>>>>

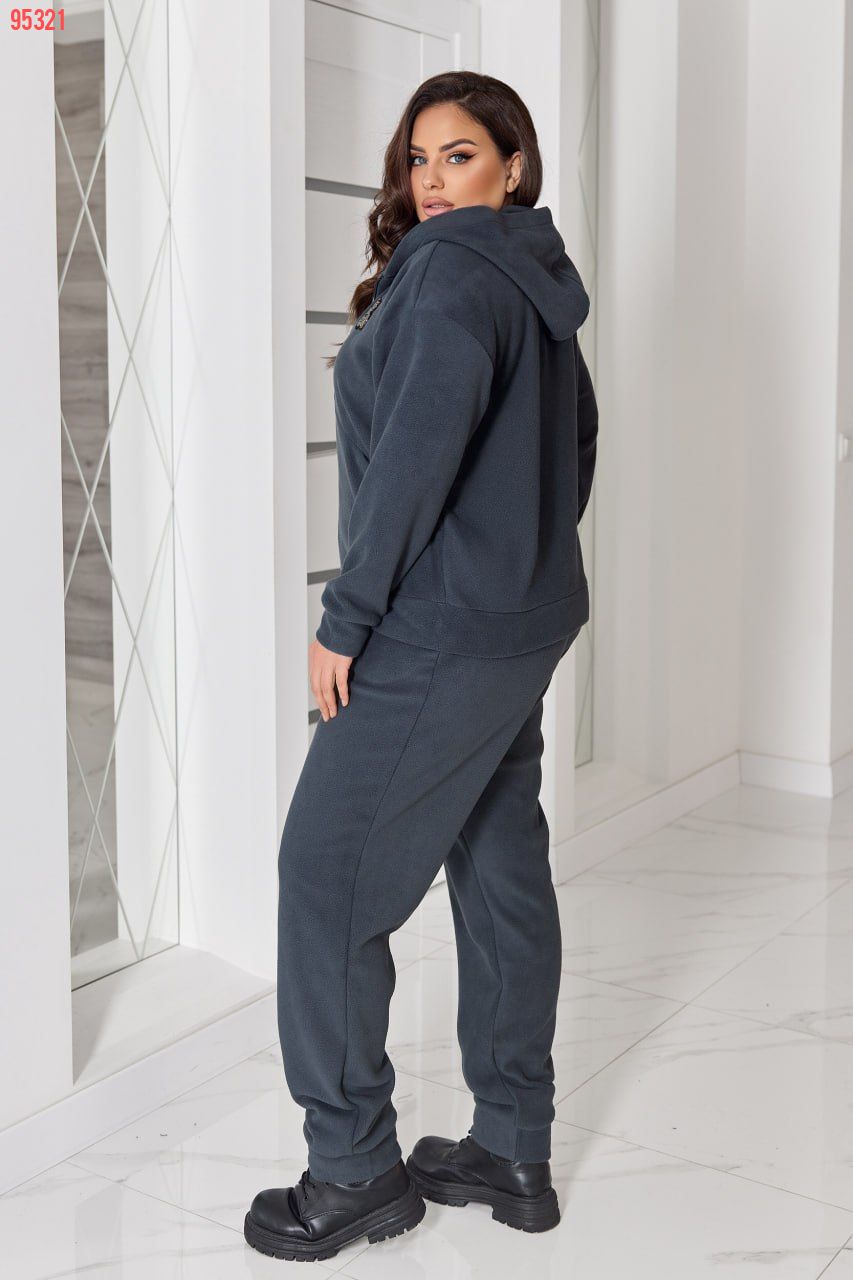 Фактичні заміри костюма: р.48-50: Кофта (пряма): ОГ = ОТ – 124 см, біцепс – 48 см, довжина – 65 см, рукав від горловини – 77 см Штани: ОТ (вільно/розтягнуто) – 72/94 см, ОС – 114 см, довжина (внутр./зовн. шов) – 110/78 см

<<<<
>>>>

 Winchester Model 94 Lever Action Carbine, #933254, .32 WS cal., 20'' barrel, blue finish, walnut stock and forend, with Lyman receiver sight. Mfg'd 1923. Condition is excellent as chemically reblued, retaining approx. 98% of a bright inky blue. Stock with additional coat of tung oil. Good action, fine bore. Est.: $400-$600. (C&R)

<<<<
>>>>

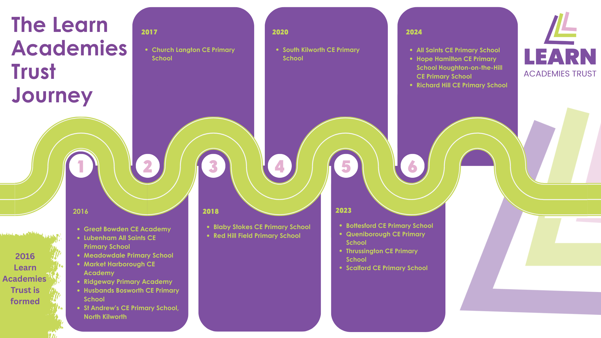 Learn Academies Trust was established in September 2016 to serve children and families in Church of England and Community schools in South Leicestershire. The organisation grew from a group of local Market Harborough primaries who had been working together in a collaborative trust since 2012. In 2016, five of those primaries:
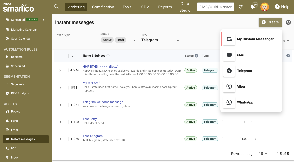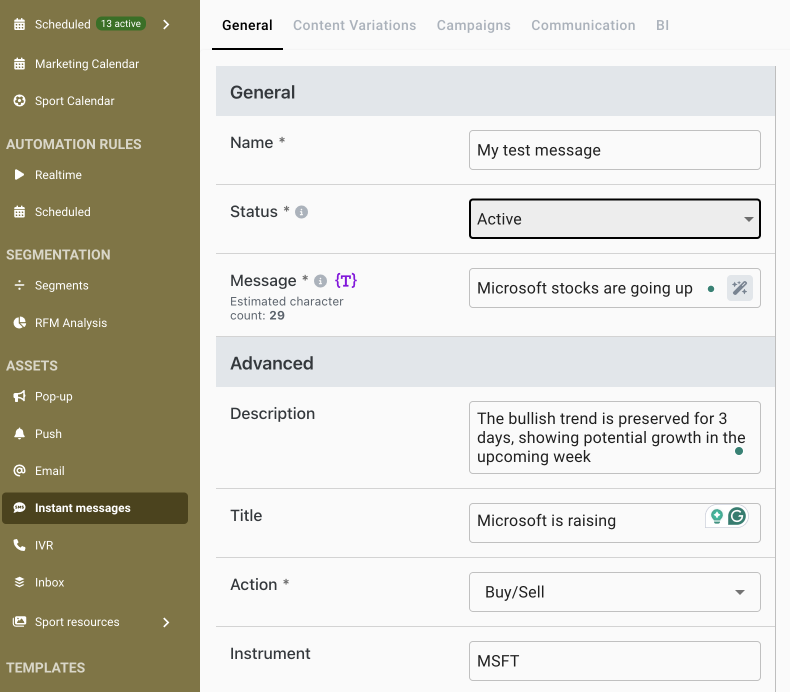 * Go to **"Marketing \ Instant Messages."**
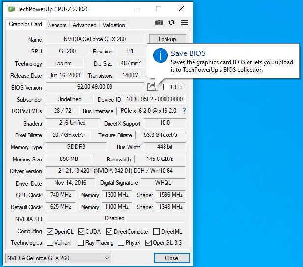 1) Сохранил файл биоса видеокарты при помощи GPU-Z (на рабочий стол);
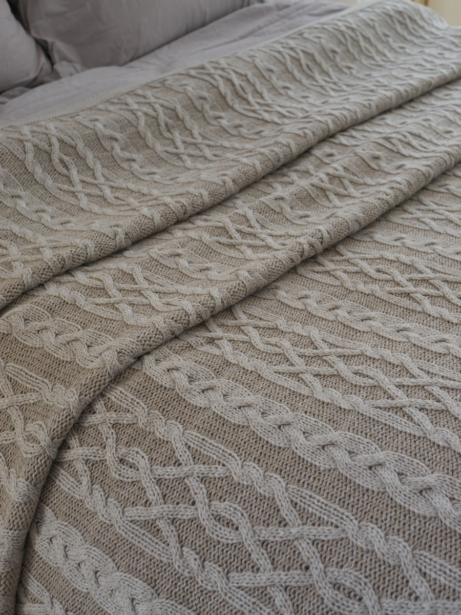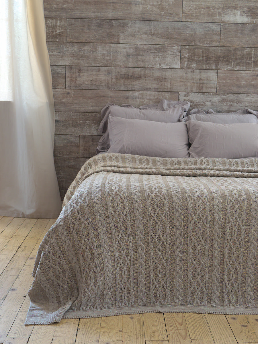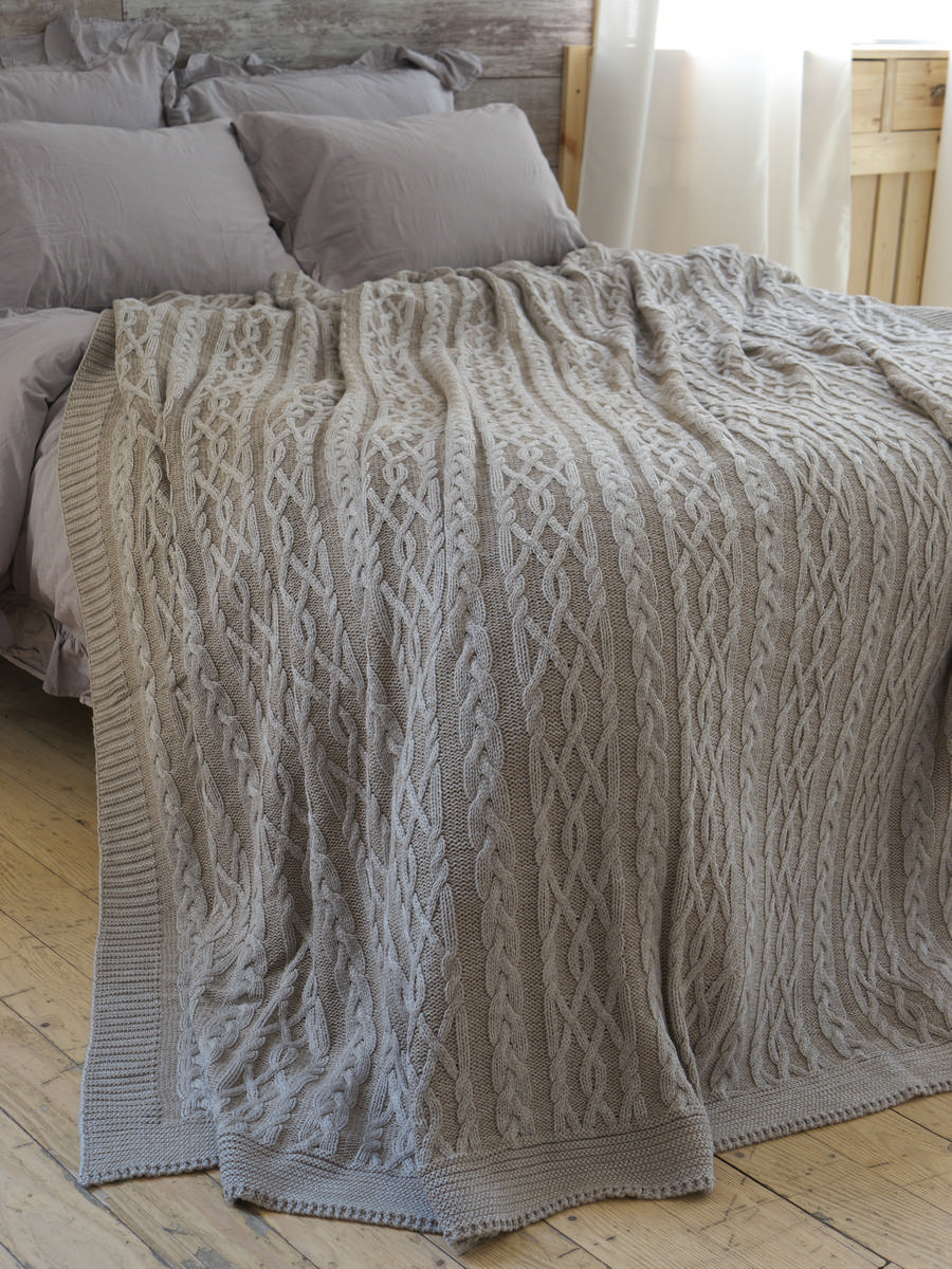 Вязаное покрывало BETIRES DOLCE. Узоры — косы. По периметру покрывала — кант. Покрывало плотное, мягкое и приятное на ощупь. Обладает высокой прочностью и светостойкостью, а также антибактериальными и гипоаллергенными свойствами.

<<<<

• [Exercise requirements]: The line holding "1) Сохранил файл" starts the copy and the line holding "Вязаное покрывало BETIRES" ends it. Repeat those two lines above and all between them exactly, leaving out pictures.

• [Exercise result]:
 1) Сохранил файл биоса видеокарты при помощи GPU-Z (на рабочий стол);
 Вязаное покрывало BETIRES DOLCE. Узоры — косы. По периметру покрывала — кант. Покрывало плотное, мягкое и приятное на ощупь. Обладает высокой прочностью и светостойкостью, а также антибактериальными и гипоаллергенными свойствами.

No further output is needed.